Тем не менее, несмотря на протесты товарищей, Морозенко подъехал к самой браме и начал руководить громлением ворот.

Откатили козаки свой таран немного от ворот и потом, налегши дружно, снова погнали его к воротам. Ударила в них тяжко с разгона дубовая колода, и они вздрогнули, застонали. Глубокая язва обозначилась на них от удара; но окованные железом бревна ворот казались несокрушимыми. Поляки бросились все-таки баррикадировать их изнутри.

– Эй, пане атамане, – заговорил тогда седой и опытный в боях обозный Нестеренко, – не рискуй собой понапрасну. Долго придется громить эту чертову воротину, кованая, клятая... А ведь ляхи не спят и что-то затевают; того и гляди, шарахнут в нас железными галушками, так нам нужно поскорей с этою брамой справиться.

– На бога, поскорей! откликнулся горячо Морозенко, – у него, кроме нетерпения, начинала гнездиться в сердце тревога: с правого крыла все еще не получалось известий, а с левого потребовали уже подкрепления. В запальчивом раздражении он хотел уже дать приказ ставить лестницы к стенам и готов был броситься по ним первым на штурм, но слова Нестеренко остановили его безумный порыв.

– Что делать, диду? Научите! – подскакал он к обозному.

– А вот что, сыну, – ответил с снисходительною улыбкой старый гармаш, – выскребти ямку под воротами да подложить барыло с мачком, так справа-то поживей будет...

– Так-так! – вскрикнул в восторге Морозенко. – Мудрый совет! Распорядитесь же, диду, бога ради, скорее!

А на правой башне творилось что-то недоброе. Пан Яблоновский, расправившись с добровольцами Сыча, сконцентрировал здесь сильный отряд и не допускал к стенам атакующих, усилившихся подмогой Рубайголовы. Когда же Морозенко выдвинулся из-за ратуши к браме, то Яблоновский, заметя, что враг вошел в поле боковых выстрелов, скомандовал ударить по быдлу картечью. Быстро зарядили пушкари боковые орудия и приложили фитили к затравкам... Но что это? Порох на затравках вспыхнул, а жерла не откликнулись и молча, мертво стояли...

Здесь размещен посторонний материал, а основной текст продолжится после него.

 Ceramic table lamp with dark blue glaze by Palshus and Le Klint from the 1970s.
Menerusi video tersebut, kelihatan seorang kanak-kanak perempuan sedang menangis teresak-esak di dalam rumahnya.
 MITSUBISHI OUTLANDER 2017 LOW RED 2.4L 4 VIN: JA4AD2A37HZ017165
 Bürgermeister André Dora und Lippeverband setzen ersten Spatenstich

Суеверный ужас охватил сразу толпу; всем припомнились сегодняшние рассказы про нечистую силу, про колдунов и про ведьм.

– Проклятые! Заколдовали пушки! – послышалось глухо в онемевшей толпе.

– С схизматами – пекельные силы! – откликнулся где– то дрожащим голосом другой голос.

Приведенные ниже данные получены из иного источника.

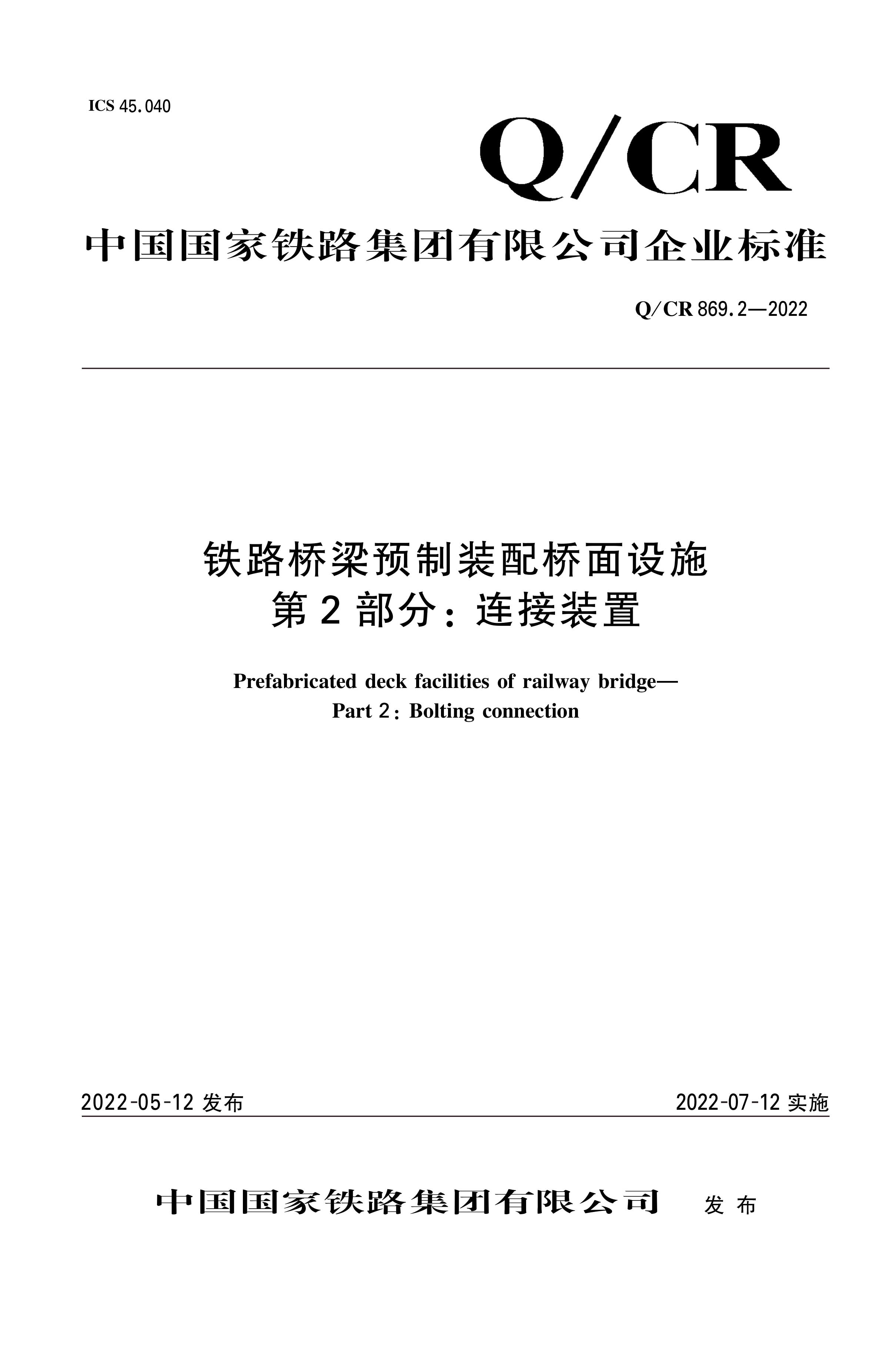 书名:铁路桥梁预制装配桥面设施 第2部分:连接装置Q/CR 869.2—2022(内部用书)

– Ай! Вон распатланная ведьма скачет сюда! – взвизгнул третий.

– Слышите, слышите, как земля вздрагивает?.. Под нами подкоп! Спасайтесь! – крикнул кто-то и опрометью побежал с башни.

Этот крик вывел всех из оцепенения. Обезумев от страха, ничего не понимая уже и не соображая, просто по стадному инстинкту, они бросились за первым беглецом, давя и опрокидывая друг друга. Ни стоявшие на площади замка войска, ни команда начальства не могла уже остановить перепуганных до смерти воинов; они с криком: «Спасайтесь! Нечистая сила! Подкоп!» – метались растерянно по площади, ища спасения в погребах и подвалах. Паникой заразились и другие войска; нарушен был боевой строй, смятение росло и передавалось на всю линию защиты. Дикий, суеверный ужас охватил всех обитателей замка.

Вдруг земля вздрогнула; чудовищный сноп пламени вырвался из-под брамы, раздался страшный грохот. Посыпались камни, разлетелись со свистом осколки железа и щепья, поднялись в воздух, словно подброшенные гигантскою рукой, окровавленные, изуродованные тела. Дикий, нечеловеческий вопль оглашал всю толпу; мужчины, женщины, дети отпрянули от места катастрофы и, сбившись в кучу, смотрели обезумевшими от страха глазами на появившуюся брешь. В то же мгновение ворвались в нее с адским гиком козаки, и такой же крик раздался с вершины правой, господствующей, башни. Как огненная лава, вырвавшись из тесного кратера, стремится неудержимым искрящимся валом, сметая и уничтожая все на своем страшном пути, так эти два живых потока, слившись в бурный прибой, ударили с ошеломляющей силой на сбившихся в беспорядочные группы гарнизонных жолнеров, рыцарей, простых обывателей, слуг и опрокинули их, разметали.

Никто уже и не думал о сопротивлении; бледные, пораженные ужасом, сковавшим свободу движений и разум, наемные солдаты и слуги бросали оружие и молили беззвучными устами, во имя бога, во имя спасения души, о пощаде... Но от рассвирепевших, опьяненных местью за павших братьев в бою козаков нечего было и ждать ни пощады, ни сострадания...

Вид пылающих предместий, картины дикой резни, крики, вопли, мольбы и эти зловещие звуки набата, подымающиеся к огненному небу, – все говорило обитателям замка о часе страшного суда, наступившем для них так внезапно. Зажмуривши глаза, некоторые прямо бросались на козацкие сабли, ища в смерти спасение от страшных пыток и мук.

Не все, впрочем, побросали сразу оружие: испытанные в боях шляхтичи, видя безысходность своего положения и беспощадность врагов, решились защищаться до последней капли крови. Драгуны, латники и атаманы бросились в замок и в другие помещения и открыли из окон убийственный огонь. В пылу резни, в адском шуме гиков и стонов увлекшиеся победители и не заметили сначала, как падали чаще и чаще их товарищи, но Морозенко вскоре заметил это.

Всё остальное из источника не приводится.